22045번 - Chicken Farm 서브태스크다국어

Askhat is a young businessman. He realized that programming is not a very profitable business. Therefore, he decided to start a chicken farm.

On his farm, there are $n$ chickens that stand in a row. The $i$-th chicken can eat no more than $a_i$ grains. There are $m$ feeders, each one is described by the numbers $l_j$, $r_j$ and $c_j$. Chicken $i$ can eat from feeder $j$, if $l_j \le i \le r_j$, and all chickens in total can eat no more than $c_j$ grains from the $j$-th feeder.

As in any business, problems arise from nowhere.
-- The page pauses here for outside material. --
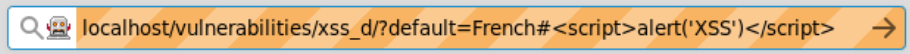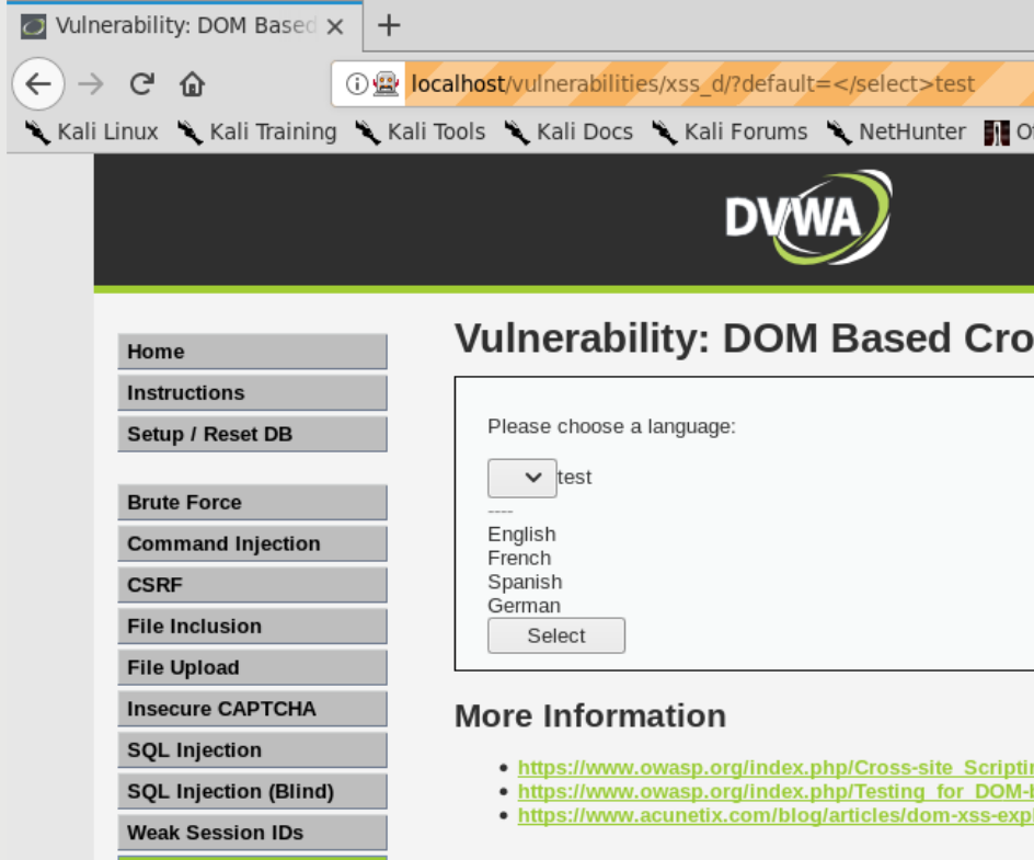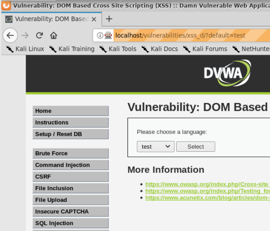 ==action: Select “XSS (DOM)” from the left-hand side menu==. ==action: Choose a language from the dropdown list and click “Select”==. Observe what happens to the query parameters in the address bar of the browser every time a new language is selected.

This time the government inspector came to his farm. He said that by current regulations, there should be at least two chickens that can eat from all feeders. In other words, there should be an integer $i$ such that $1 \le i \le n - 1$, and for all feeders $l_j \le i$ and $i + 1 \le r_j$. All feeders that don’t satisfy this property will be destroyed. Askhat asks you to find for each $i$ what the maximum number of grains can be fed to chickens if you leave only feeders, from which chickens $i$ and $i + 1$ can eat.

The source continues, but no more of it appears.